El encuentro en Bruselas entre Salvador Illa y Carles Puigdemont trasciende el plano simbólico para situarse en el terreno de la estrategia. El president catalán ha optado por dar un paso que en apariencia normaliza relaciones con el líder de Junts, pero que, en la práctica, implica un reconocimiento implícito del papel central que el expresident sigue desempeñando en la política catalana y española. El hecho de que la cita se produjera fuera de Cataluña y bajo la sombra de la amnistía refuerza esa doble lectura: escenificación de diálogo para unos, y blanqueo político para otros.
La reunión también es significativa por su contexto temporal. El mismo día en que el Gobierno de Sánchez daba el pistoletazo de salida a los Presupuestos Generales, Illa viajaba a Bruselas para reunirse con quien tiene en sus manos parte del futuro parlamentario en Madrid. El calendario no es casual: la negociación presupuestaria obliga a todos los actores a mover ficha, y el gesto de Illa puede interpretarse como un movimiento táctico que intenta ganar confianza en Junts, o al menos evitar un bloqueo frontal en un momento decisivo.
Sin embargo, la frialdad del encuentro y la ausencia de resultados concretos muestran la dificultad real de ese acercamiento. Junts, a través de Jordi Turull, no dudó en calificar la cita de tardía e inservible, evidenciando que la predisposición del partido sigue siendo mínima. Para Puigdemont, verse con Illa puede tener un valor simbólico de rehabilitación —una “amnistía política” en términos de legitimidad—, pero no parece alterar su posición de fondo. La desconfianza hacia el PSC y el propio Sánchez sigue intacta.
La oposición, especialmente el PP, interpretó la reunión como una concesión peligrosa. Miguel Tellado la enmarcó en una supuesta estrategia de Sánchez de rendir pleitesía a Puigdemont para sobrevivir políticamente, insistiendo en la idea de que Moncloa está dispuesta a sacrificar la institucionalidad con tal de conservar el poder. Este relato conecta con una parte del electorado que ve la amnistía y los gestos hacia Junts como cesiones inadmisibles, y mantiene viva la polarización que ha marcado toda la legislatura.
Illa, en cambio, trató de presentar el encuentro como una apuesta por el diálogo y la convivencia. Su insistencia en que la amnistía es «plenamente constitucional, jurídicamente sólida y clave para la convivencia» busca reforzar el marco de legitimidad que el PSOE quiere proyectar sobre esta medida. Al pedir una aplicación rápida y sin bloqueos judiciales, Illa intenta también presionar a la judicatura y ganar terreno narrativo frente a quienes acusan al Gobierno de vulnerar la separación de poderes.
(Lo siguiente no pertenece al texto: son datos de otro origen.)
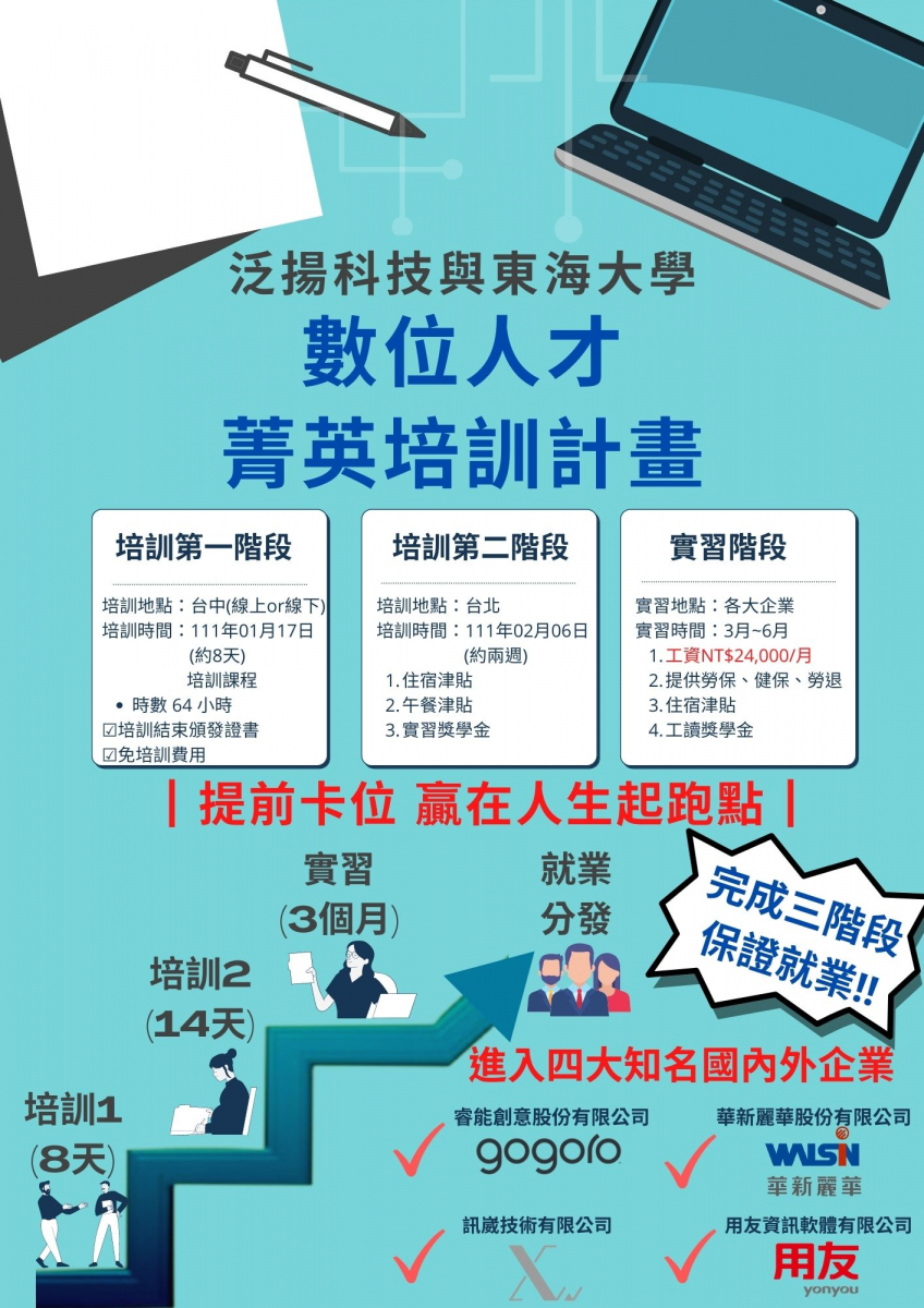 泛揚科技2022數位人才培訓實習計畫(全職實習)--報名延長至12/3截止!!
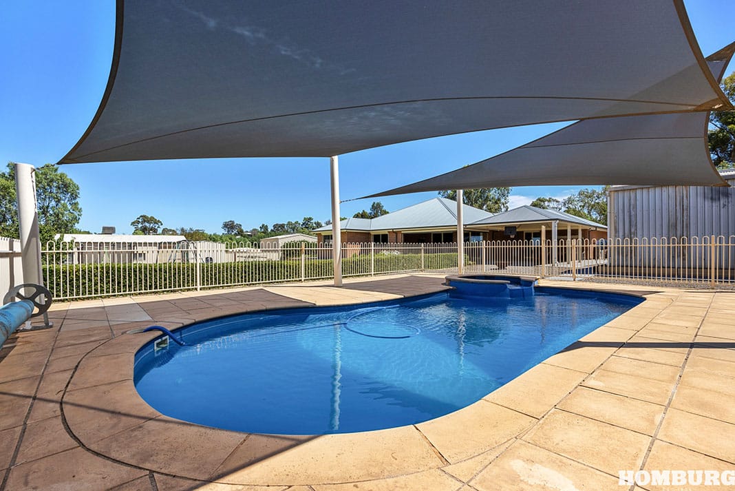 These spaces overlook the backyard lawn, a garden, a solar-heated pool, and two rear paddocks complete with dams fed by a creek, ideal for stock, crops, or hobby farming.

El simbolismo del lugar y la forma también pesan. No se produjo en el Palau de la Generalitat, sino en Bruselas, donde Puigdemont ha construido su relato de exilio y resistencia. Para el expresident, la foto tiene el valor de demostrar que su estrategia internacionalizada le sigue dando frutos: es él quien recibe al actual president en su terreno. Esa inversión de roles no es menor, porque reubica a Puigdemont como interlocutor imprescindible y refuerza su narrativa de que la “normalidad democrática” aún no ha llegado a Cataluña.
Desde el prisma de Illa, la reunión le sirve como carta de presentación tanto en Madrid como en Cataluña. Hacia Sánchez, se erige como puente útil en una negociación compleja; hacia el electorado catalán, se muestra como un líder capaz de dialogar incluso con su adversario más incómodo. No obstante, el riesgo es que ese gesto sea interpretado como un signo de debilidad: un president que legitima a un rival político que sigue en el extranjero y que nunca ha renunciado a su hoja de ruta independentista.
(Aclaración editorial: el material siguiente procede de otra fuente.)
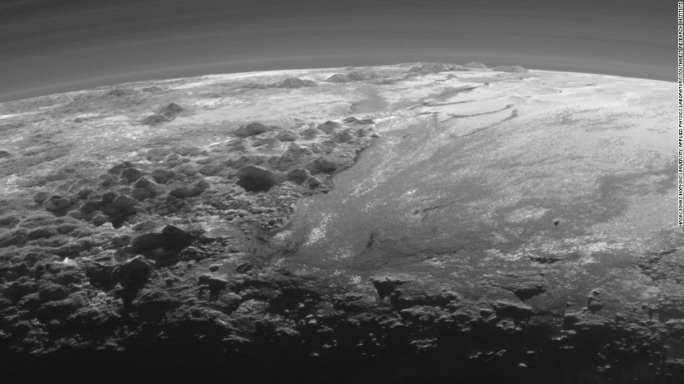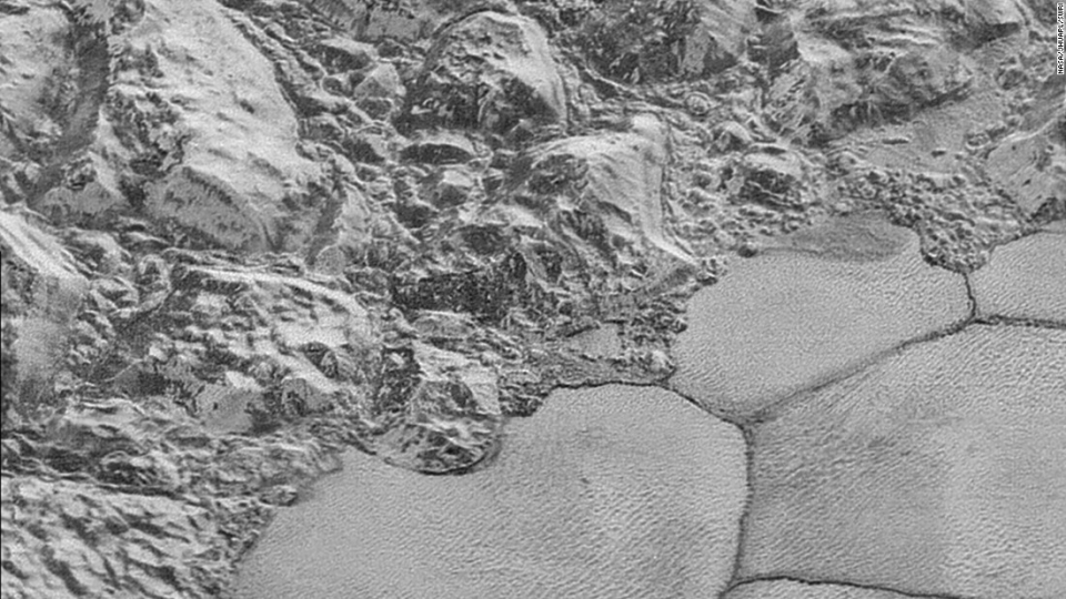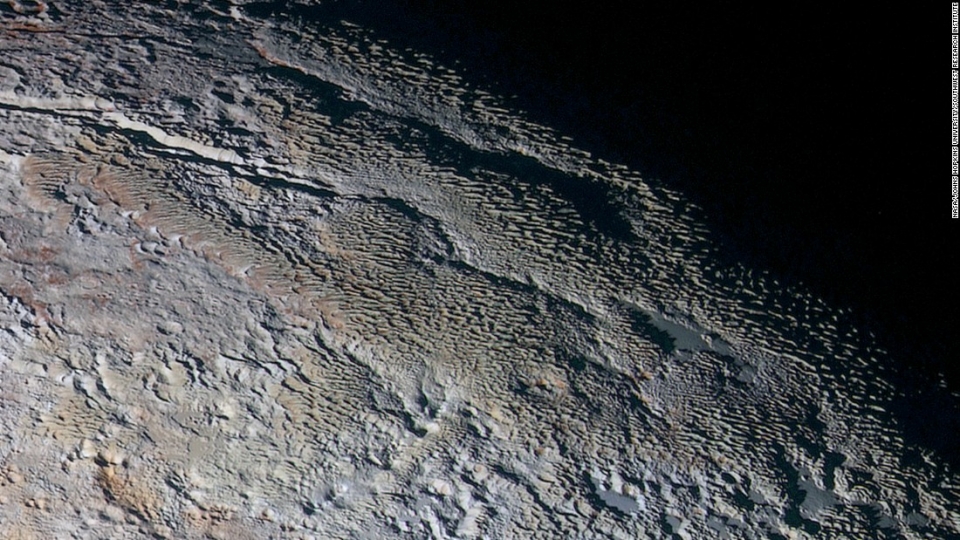На снимках четко видны горы, ледяные равнины и кратеры со слоями, что является свидетельством изменений, характер которых члены команды New Horizons пока не установили.

En definitiva, la cita entre Illa y Puigdemont ha sido más un acto de escenificación política que un avance real en el terreno práctico. Ambos obtienen réditos simbólicos —Puigdemont refuerza su papel de actor imprescindible, e Illa se presenta como garante del diálogo—, pero ninguno logra alterar el equilibrio de fondo. El choque entre las necesidades parlamentarias del Gobierno central y la desconfianza estructural de Junts seguirá marcando la relación. El encuentro en Bruselas abre un canal, pero sobre todo deja claro que la partida entre el PSOE y el independentismo se juega tanto en los pasillos de Moncloa como en el terreno simbólico que Puigdemont domina desde Bélgica.